The input:
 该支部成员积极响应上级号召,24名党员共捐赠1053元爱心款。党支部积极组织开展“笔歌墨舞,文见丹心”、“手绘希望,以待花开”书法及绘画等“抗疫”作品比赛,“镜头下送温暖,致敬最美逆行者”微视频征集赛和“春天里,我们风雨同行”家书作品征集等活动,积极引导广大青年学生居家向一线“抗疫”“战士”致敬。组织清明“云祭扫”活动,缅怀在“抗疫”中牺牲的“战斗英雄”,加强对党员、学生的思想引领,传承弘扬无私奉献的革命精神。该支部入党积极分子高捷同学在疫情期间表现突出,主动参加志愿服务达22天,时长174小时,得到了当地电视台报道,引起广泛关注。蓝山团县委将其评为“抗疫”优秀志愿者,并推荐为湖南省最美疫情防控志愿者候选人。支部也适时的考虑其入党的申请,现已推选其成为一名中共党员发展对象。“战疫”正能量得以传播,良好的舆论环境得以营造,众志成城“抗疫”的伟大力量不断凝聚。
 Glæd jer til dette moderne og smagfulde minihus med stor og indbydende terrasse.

--

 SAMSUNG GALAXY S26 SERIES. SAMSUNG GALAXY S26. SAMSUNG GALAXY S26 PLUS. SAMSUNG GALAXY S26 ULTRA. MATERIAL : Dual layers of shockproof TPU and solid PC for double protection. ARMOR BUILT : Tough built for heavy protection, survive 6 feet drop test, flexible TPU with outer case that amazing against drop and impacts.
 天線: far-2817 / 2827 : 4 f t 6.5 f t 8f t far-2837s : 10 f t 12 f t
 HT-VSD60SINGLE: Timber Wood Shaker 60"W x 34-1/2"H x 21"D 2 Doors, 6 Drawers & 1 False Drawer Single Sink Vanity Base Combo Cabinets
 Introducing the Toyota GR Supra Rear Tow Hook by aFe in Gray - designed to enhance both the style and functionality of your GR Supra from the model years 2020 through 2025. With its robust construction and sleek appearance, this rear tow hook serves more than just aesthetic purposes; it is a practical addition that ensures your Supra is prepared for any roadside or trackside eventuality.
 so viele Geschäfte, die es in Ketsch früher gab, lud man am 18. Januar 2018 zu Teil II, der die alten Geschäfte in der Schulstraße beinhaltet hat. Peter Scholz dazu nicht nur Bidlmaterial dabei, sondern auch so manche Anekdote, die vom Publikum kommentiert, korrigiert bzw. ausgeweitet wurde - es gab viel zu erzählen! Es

--

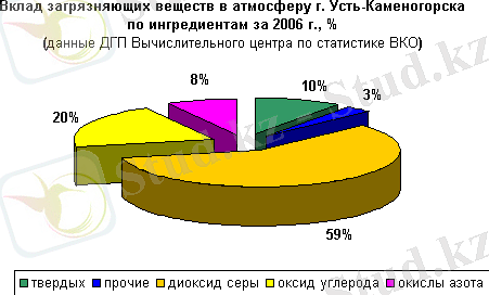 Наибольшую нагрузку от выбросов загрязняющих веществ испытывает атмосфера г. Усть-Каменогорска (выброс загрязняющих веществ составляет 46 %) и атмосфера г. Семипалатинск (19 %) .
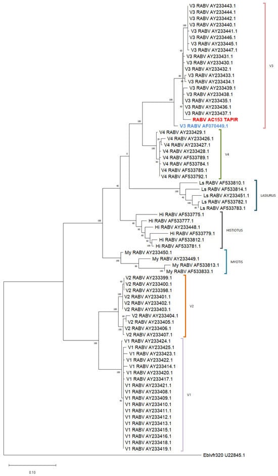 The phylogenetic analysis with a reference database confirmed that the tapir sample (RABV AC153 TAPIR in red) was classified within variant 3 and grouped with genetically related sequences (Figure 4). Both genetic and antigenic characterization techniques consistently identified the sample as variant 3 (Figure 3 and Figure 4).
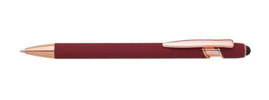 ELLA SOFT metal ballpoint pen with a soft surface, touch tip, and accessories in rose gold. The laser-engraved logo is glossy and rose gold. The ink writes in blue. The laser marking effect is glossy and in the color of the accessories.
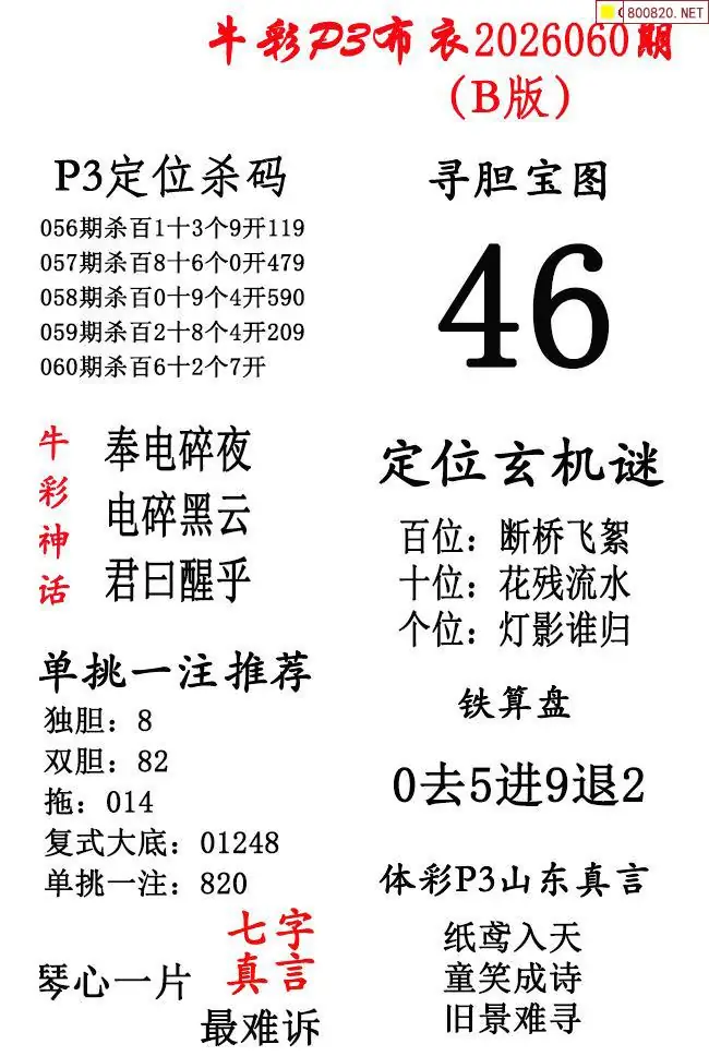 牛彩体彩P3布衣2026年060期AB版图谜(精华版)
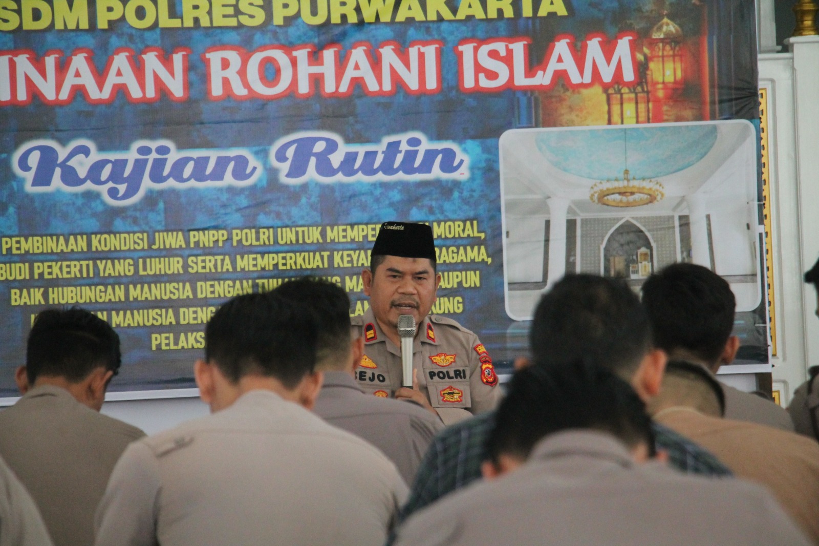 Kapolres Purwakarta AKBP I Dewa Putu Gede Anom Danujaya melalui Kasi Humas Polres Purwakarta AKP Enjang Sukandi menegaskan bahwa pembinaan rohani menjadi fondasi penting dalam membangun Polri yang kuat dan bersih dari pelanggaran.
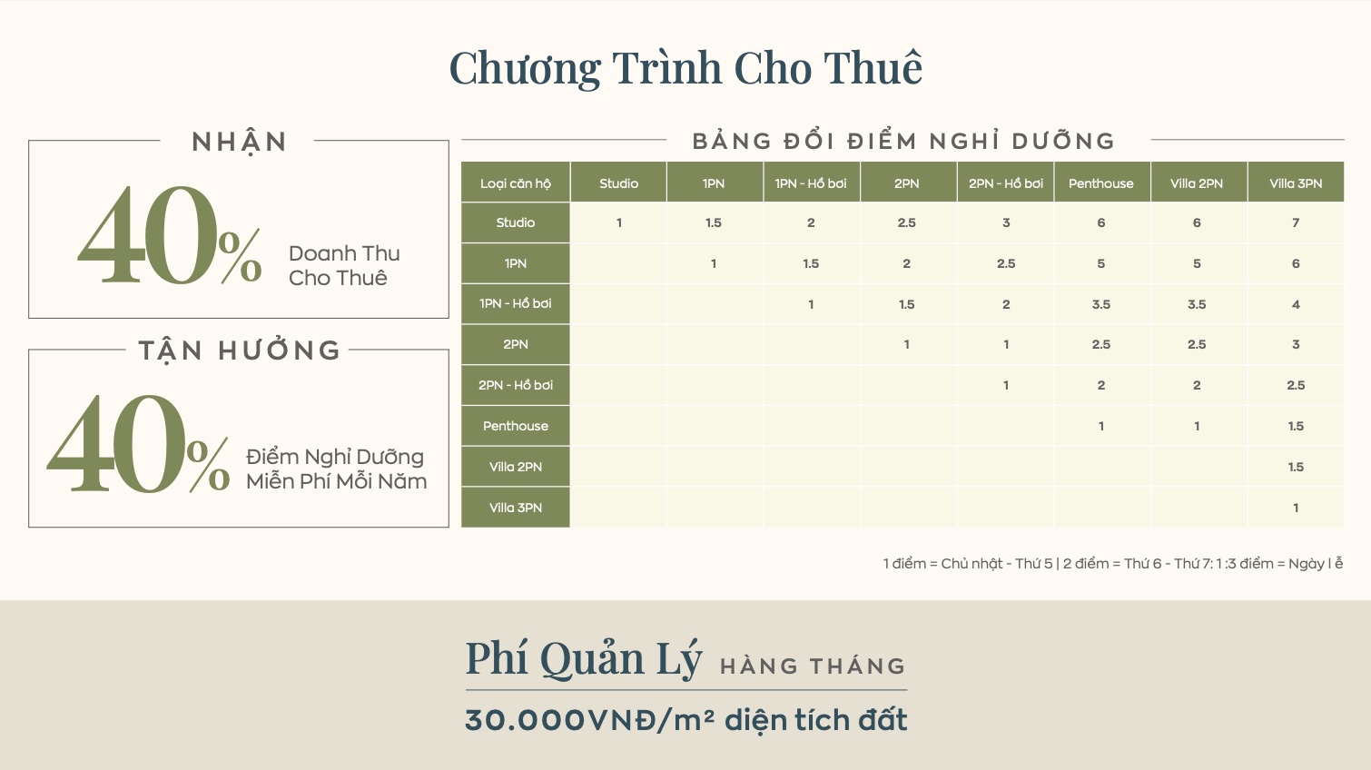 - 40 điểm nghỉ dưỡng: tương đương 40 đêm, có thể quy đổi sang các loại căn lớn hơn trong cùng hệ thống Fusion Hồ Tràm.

Task requirements:
Working from the entries above, reproduce exactly and only the lines beginning with the line that has "牛彩体彩P3布衣2026年060期AB版图谜(精华版)" and ending with the line that has "- 40 điểm nghỉ"; omit all pictures.

Answer area:
 牛彩体彩P3布衣2026年060期AB版图谜(精华版)
 Kapolres Purwakarta AKBP I Dewa Putu Gede Anom Danujaya melalui Kasi Humas Polres Purwakarta AKP Enjang Sukandi menegaskan bahwa pembinaan rohani menjadi fondasi penting dalam membangun Polri yang kuat dan bersih dari pelanggaran.
 - 40 điểm nghỉ dưỡng: tương đương 40 đêm, có thể quy đổi sang các loại căn lớn hơn trong cùng hệ thống Fusion Hồ Tràm.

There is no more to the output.